Yes fully agree. That is from the overseas market - where does this moody rating impact. If there is a foreign pension fund or government entity or any other multinational want to invest, they have a minimum criteria that the risk grade should be xxx. Yes since India has this down graded rating, they will not invest. But then the world is not centered on these funds alone, As an example when Adani group had serious issues, some Investor from Australia invested right? There will always be investors to invest. If someone can invest in a Teak planatation, looking at pictures of teak in the next 10 years and promising high returns, then real investors will invest in real companies.
Assuming interest rate will rise how much will it rise. Will it be 6% or 7% in US markets. I am sure this interest will be taxed. ARe investors happy with post tax returns, when the worlds best corporates are available in Index fund/EFT and it has fallen sharply where returns will be much higher.
Apart from Treasury Bonds not sure if they have FDs, must have but most of them invest in the market so then they saw the dip they bought. Is this not the same in Indian Markets. In March Nifty fell to 22,100 odd level, was this not bought in and today it is 24,800. Did retailers not buy into this dip, what is so strange, I do not understand.
I wish someone with repute, do advise when market falls to buy.

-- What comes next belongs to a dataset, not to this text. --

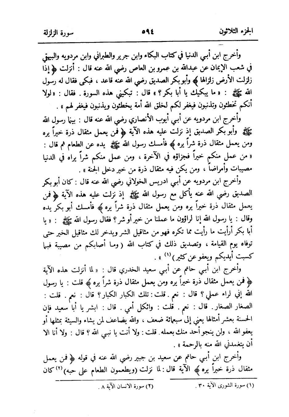 وَأخرج ابْن مرْدَوَيْه عَن أبي إِدْرِيس الْخَولَانِيّ رَضِي الله عَنهُ قَالَ: كَانَ أَبُو بكر الصّديق رَضِي الله عَنهُ يَأْكُل مَعَ رَسُول الله صلى الله عَلَيْهِ وَسلم إِذْ نزلت عَلَيْهِ هَذِه الْآيَة {فَمن يعْمل مِثْقَال ذرة خيرا يره وَمن يعْمل مِثْقَال ذرة شرا يره} فَأمْسك أَبُو بكر يَده وَقَالَ: يَا رَسُول الله إِنَّا لراؤون مَا عَملنَا من خير أَو شرا فَقَالَ رَسُول الله صلى الله عَلَيْهِ وَسلم: يَا أَبَا بكر أَرَأَيْت مَا رَأَيْت مِمَّا تكره فَهُوَ من مَثَاقِيل الشَّرّ ويدخر لَك مَثَاقِيل الْخَيْر حَتَّى توفاه يَوْم الْقِيَامَة وتصديق ذَلِك فِي كتاب الله (وَمَا أَصَابَكُم من مُصِيبَة فبمَا كسبت أَيْدِيكُم وَيَعْفُو عَن كثير) (سُورَة الشورى الْآيَة 30)

At that time, no one puts their neck out and say “Dont catch the falling knife” and other phrase. When the market is at the peak they say a different story. Gold at its highest level and new ETFs are introduced… why not when the same product was at the lowest.
PS: All valid points are taken in good faith by both the users.
…and the additional returns over and above the 6% returns offered at that time by a AAA rated US bond.
In 2000, the Indian sovereign guarantee (from 2000 to 2005, the duration of the bond)
was worth relatively lesser than the US sovereign guarantee. And the credit-rating reflected that.
The central thrust of my comments in this thread can be summed-up as “People were greedy idiots then. People are greedy idiots now”
Lower credit-ratings result in increasing the cost of debt.
In theory, this is expected to act as a deterrent against risky behavior by borrowers (even sovereign ones).
I see the downgraded ratings of US Sovereign bonds now
(and the past couple instances of Indian sovereign bonds)
as well justified steps to highlight/reflect the relative risks/uncertainties involved on a global scale,
from the perspective of the rating agency.
The fact that NRIs invested in a relatively risky Indian sovereign bond in the past (2000),
has no bearing on why a rating-agency should not downgrade Indian Sovereign rating during the pandemic.
Tangential point...
Of course a lot of things can change if the USD stops being the primary reserve currency of the world. And while it is an entertaining thought, there is no clear path
from here (a world with USD as its primary reserve global currency)
to there (a world where it is NOT)
Even after all the mis-steps by the USA over the years,
as financially relevant/significant nations are themselves exposed to USD,
In this game of dare, that these nations are playing with/against each other,
no one is ready to blink first. Not just yet.
As far as retail investing in stocks goes, risky behavior continues to be prevalent.
This is especially true of folks, who in their current financial situation,
feel that they have little to lose, and much to gain.
(Not being in their shoes, i’m finding it extremely hard to relate to such a risk-loving mindset)
We are talking about the US market, and the increase in retail trading volume.
What’s strange about this behaviour, is the fact that, the dip is not a fall by great margin, all major US indices have shot by more than 15% - 20% in the last 1 month, primarily because of alleged new trade deals and favorable negotiations and easing of tariffs especially on China.
So, I’m not sure what’s driving this market behaviour, other than speculation/FOMO.
Let’s wait and see, if it goes on to make new highs or falls from here, to understand this behaviour.